Exercise: Transcribe exactly the lines below that begin at the line with "The Houndstooth Gillian" and stop after the line with "第二场教学观摩活动由徐晶晶老", leaving out every picture.

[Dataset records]
============

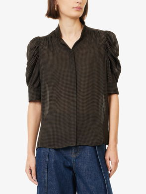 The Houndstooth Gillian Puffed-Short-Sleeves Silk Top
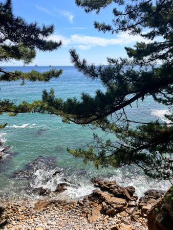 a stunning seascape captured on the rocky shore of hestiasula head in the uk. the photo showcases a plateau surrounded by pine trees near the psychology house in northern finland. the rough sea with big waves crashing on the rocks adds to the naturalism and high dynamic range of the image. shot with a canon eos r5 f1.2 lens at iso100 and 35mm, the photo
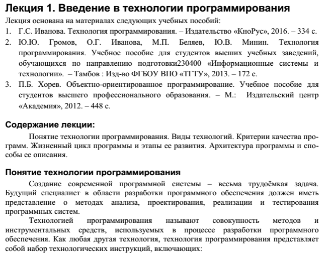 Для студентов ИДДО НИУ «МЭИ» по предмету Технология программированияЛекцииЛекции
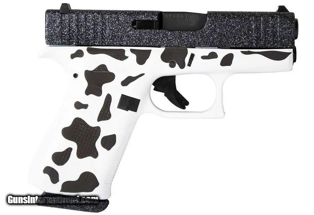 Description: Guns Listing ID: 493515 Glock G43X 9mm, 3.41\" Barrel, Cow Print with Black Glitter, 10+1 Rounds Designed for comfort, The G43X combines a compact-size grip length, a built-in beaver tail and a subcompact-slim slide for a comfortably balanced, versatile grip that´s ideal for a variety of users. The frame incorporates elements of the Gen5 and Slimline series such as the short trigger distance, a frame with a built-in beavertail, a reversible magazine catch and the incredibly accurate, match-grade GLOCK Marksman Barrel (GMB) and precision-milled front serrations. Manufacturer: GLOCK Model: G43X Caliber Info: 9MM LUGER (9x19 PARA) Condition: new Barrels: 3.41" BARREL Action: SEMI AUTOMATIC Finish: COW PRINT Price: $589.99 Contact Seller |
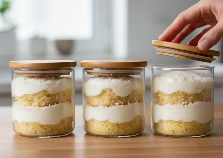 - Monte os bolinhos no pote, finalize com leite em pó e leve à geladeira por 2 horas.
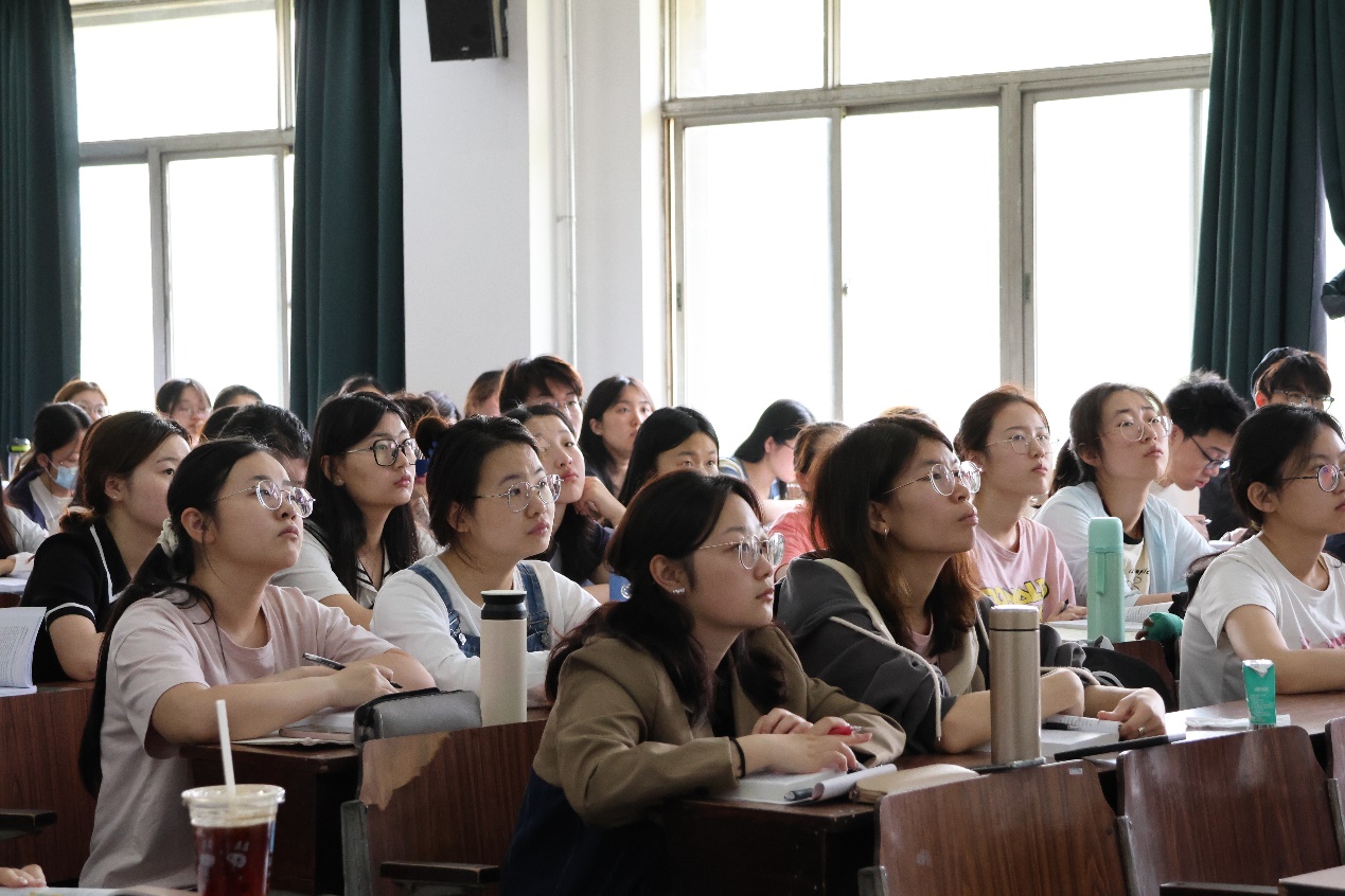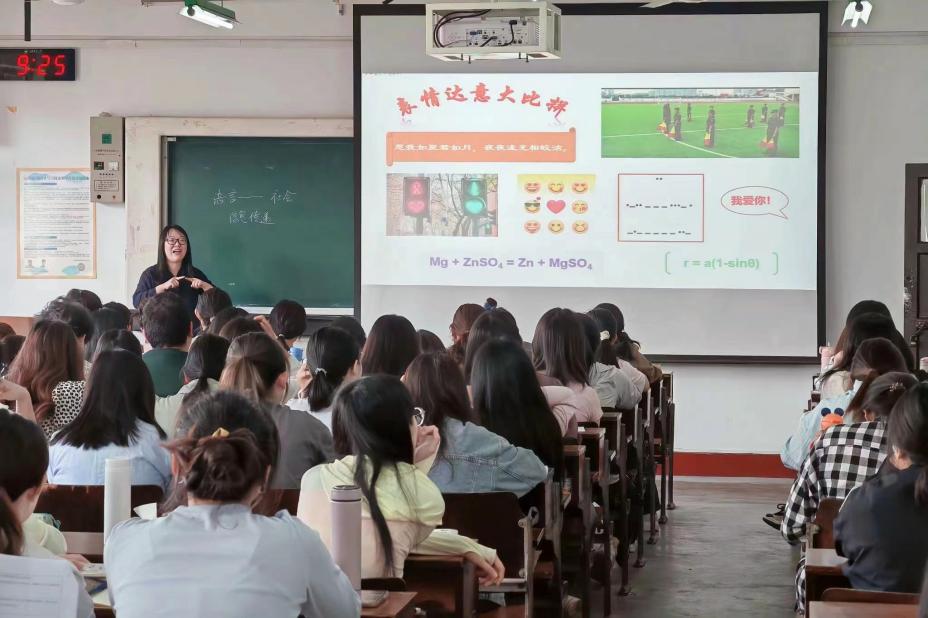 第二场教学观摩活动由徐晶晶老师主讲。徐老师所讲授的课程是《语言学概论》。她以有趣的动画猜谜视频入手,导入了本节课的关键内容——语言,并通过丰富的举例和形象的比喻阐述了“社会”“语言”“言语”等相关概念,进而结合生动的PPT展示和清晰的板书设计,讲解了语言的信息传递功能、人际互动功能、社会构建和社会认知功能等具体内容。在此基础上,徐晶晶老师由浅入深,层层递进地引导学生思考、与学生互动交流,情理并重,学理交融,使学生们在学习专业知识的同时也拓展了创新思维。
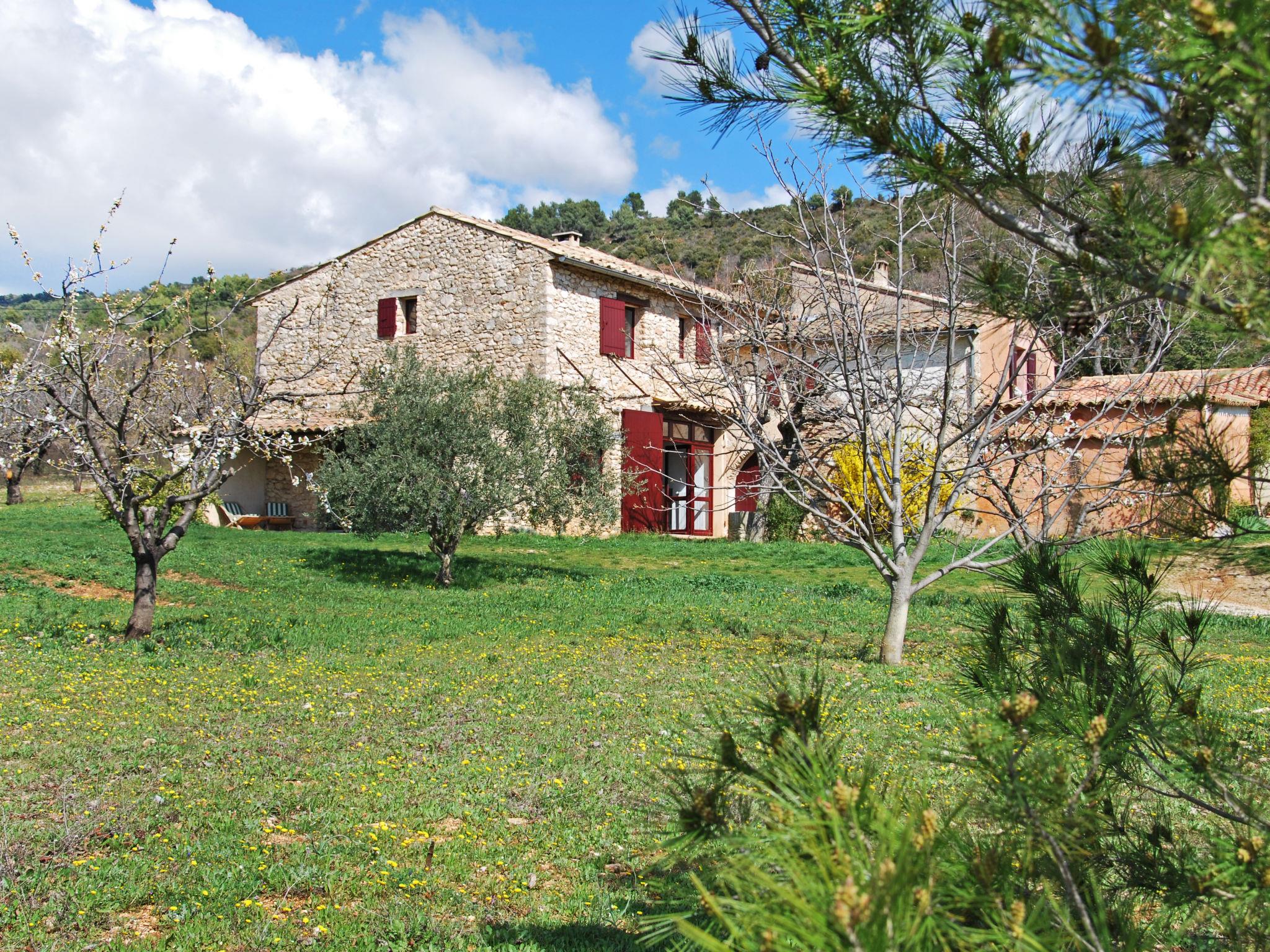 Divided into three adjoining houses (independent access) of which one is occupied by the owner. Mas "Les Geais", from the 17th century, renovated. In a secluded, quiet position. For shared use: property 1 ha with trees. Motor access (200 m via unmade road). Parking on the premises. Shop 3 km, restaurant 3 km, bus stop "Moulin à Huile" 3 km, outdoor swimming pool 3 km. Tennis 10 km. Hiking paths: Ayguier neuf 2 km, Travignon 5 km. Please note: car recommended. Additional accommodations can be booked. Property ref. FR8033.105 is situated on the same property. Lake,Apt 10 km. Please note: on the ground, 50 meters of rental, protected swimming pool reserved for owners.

============

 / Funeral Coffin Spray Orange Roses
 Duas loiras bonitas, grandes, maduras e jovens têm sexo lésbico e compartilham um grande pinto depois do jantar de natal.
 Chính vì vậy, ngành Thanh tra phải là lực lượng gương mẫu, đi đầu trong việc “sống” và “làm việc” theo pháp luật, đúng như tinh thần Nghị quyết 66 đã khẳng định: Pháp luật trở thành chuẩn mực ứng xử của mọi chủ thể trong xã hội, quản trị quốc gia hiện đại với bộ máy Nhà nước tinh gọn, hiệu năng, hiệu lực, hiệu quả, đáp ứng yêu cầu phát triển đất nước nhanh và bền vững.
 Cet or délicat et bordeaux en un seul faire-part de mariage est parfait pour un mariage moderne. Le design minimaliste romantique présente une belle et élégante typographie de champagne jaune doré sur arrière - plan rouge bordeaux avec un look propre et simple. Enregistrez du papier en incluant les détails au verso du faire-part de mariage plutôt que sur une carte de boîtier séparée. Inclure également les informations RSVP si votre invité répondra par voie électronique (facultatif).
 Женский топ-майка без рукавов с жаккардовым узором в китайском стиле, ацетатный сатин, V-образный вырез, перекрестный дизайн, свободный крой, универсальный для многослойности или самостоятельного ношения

============

Answer below:
 The Houndstooth Gillian Puffed-Short-Sleeves Silk Top
 a stunning seascape captured on the rocky shore of hestiasula head in the uk. the photo showcases a plateau surrounded by pine trees near the psychology house in northern finland. the rough sea with big waves crashing on the rocks adds to the naturalism and high dynamic range of the image. shot with a canon eos r5 f1.2 lens at iso100 and 35mm, the photo
 Для студентов ИДДО НИУ «МЭИ» по предмету Технология программированияЛекцииЛекции
 Description: Guns Listing ID: 493515 Glock G43X 9mm, 3.41\" Barrel, Cow Print with Black Glitter, 10+1 Rounds Designed for comfort, The G43X combines a compact-size grip length, a built-in beaver tail and a subcompact-slim slide for a comfortably balanced, versatile grip that´s ideal for a variety of users. The frame incorporates elements of the Gen5 and Slimline series such as the short trigger distance, a frame with a built-in beavertail, a reversible magazine catch and the incredibly accurate, match-grade GLOCK Marksman Barrel (GMB) and precision-milled front serrations. Manufacturer: GLOCK Model: G43X Caliber Info: 9MM LUGER (9x19 PARA) Condition: new Barrels: 3.41" BARREL Action: SEMI AUTOMATIC Finish: COW PRINT Price: $589.99 Contact Seller |
 - Monte os bolinhos no pote, finalize com leite em pó e leve à geladeira por 2 horas.
 第二场教学观摩活动由徐晶晶老师主讲。徐老师所讲授的课程是《语言学概论》。她以有趣的动画猜谜视频入手,导入了本节课的关键内容——语言,并通过丰富的举例和形象的比喻阐述了“社会”“语言”“言语”等相关概念,进而结合生动的PPT展示和清晰的板书设计,讲解了语言的信息传递功能、人际互动功能、社会构建和社会认知功能等具体内容。在此基础上,徐晶晶老师由浅入深,层层递进地引导学生思考、与学生互动交流,情理并重,学理交融,使学生们在学习专业知识的同时也拓展了创新思维。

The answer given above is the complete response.